:: WHAT THE TASK ASKS ::
Without the pictures, set down every line of the data exactly.

:: INFORMATION SUPPLIED ::
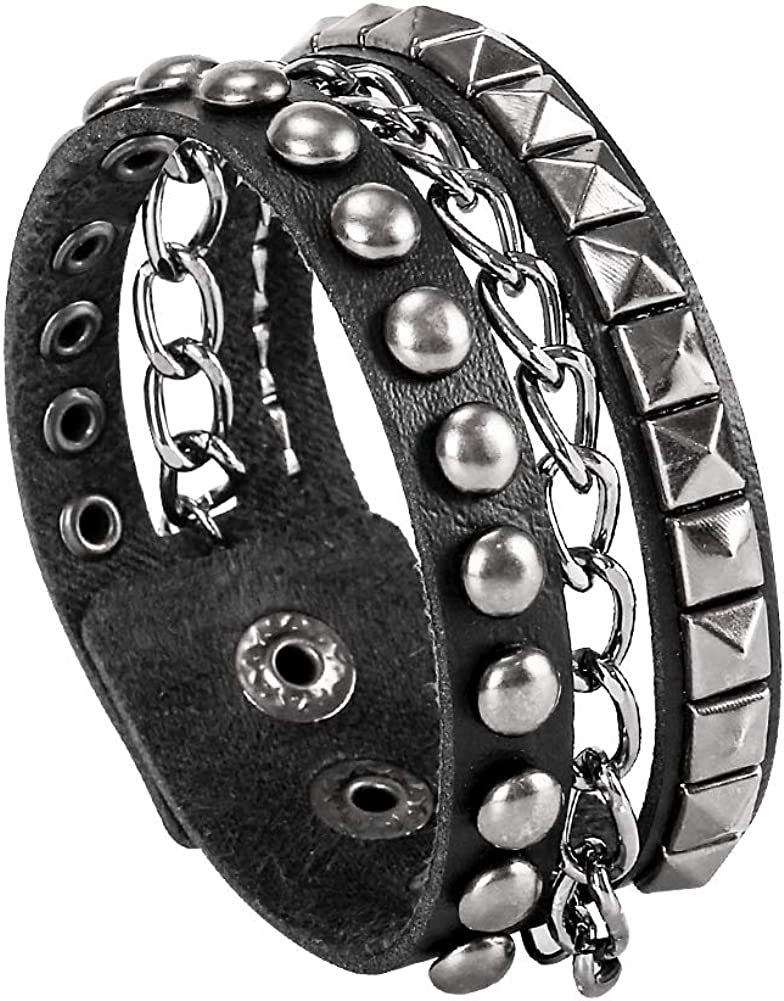 • ??FASHION PUNK STYLE - The style of thick leather bracelet is unisex punk rock biker style with wide strap. You will get the compliments. Stylish and cool design makes you stand out from the crowd
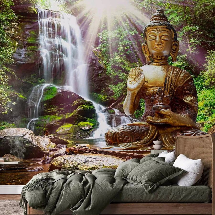 Valokuvatapetti - Buddha veistos vesiputouksen taustalla, 89418
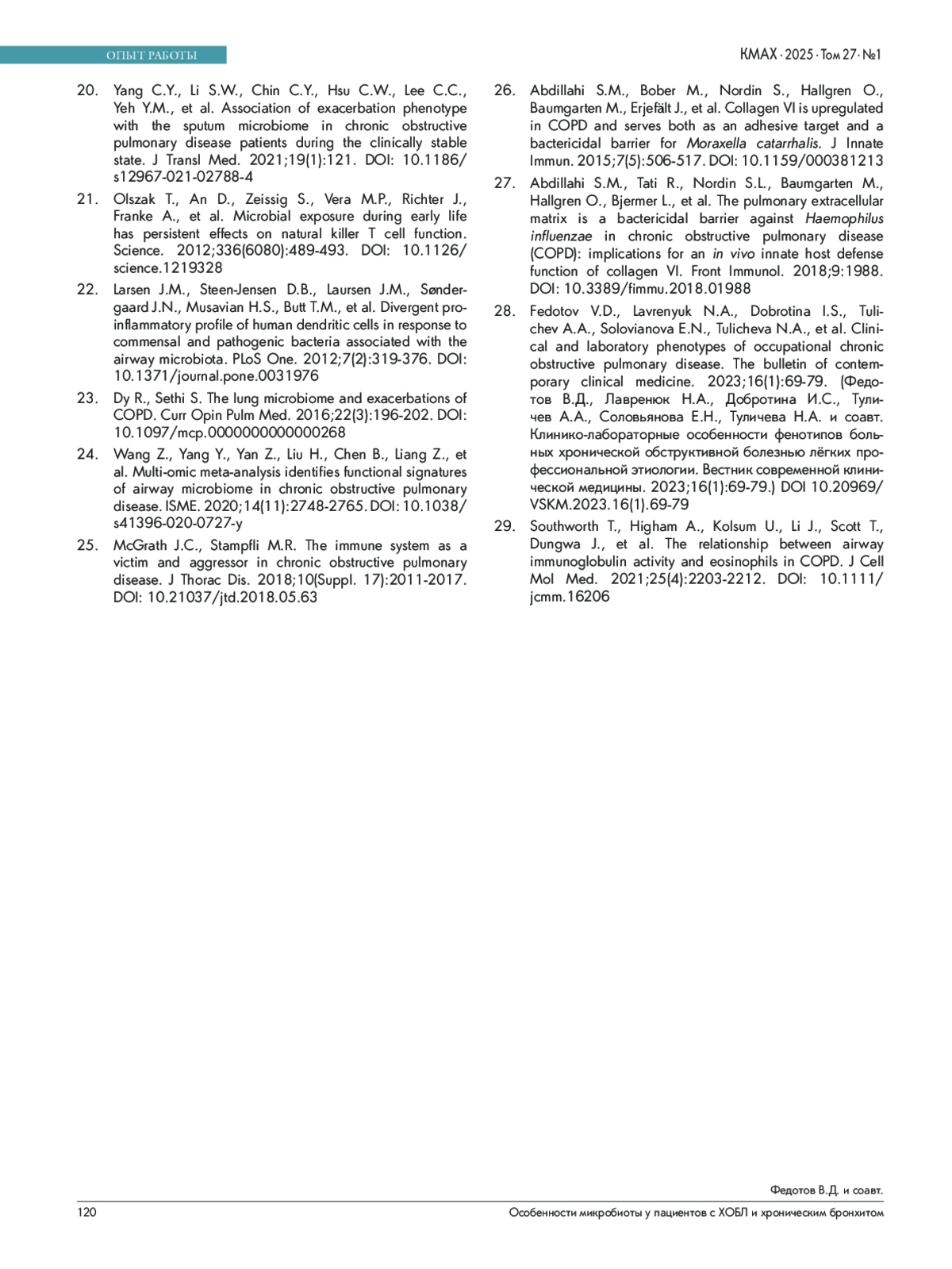 6. Федотов В.Д., Жестков А.В., Лямин А.В., Заславская М.И., Добротина И.С., Туличев А.А. Микробиом, обострение и прогрессирование ХОБЛ: есть ли выход? Клиническая микробиология и антимикробная химиотерапия. 2022;24(3):202-212. DOI: 10.36488/cmac.2022.3.202-212

:: EXERCISE RESULT ::
 • ??FASHION PUNK STYLE - The style of thick leather bracelet is unisex punk rock biker style with wide strap. You will get the compliments. Stylish and cool design makes you stand out from the crowd
 Valokuvatapetti - Buddha veistos vesiputouksen taustalla, 89418
 6. Федотов В.Д., Жестков А.В., Лямин А.В., Заславская М.И., Добротина И.С., Туличев А.А. Микробиом, обострение и прогрессирование ХОБЛ: есть ли выход? Клиническая микробиология и антимикробная химиотерапия. 2022;24(3):202-212. DOI: 10.36488/cmac.2022.3.202-212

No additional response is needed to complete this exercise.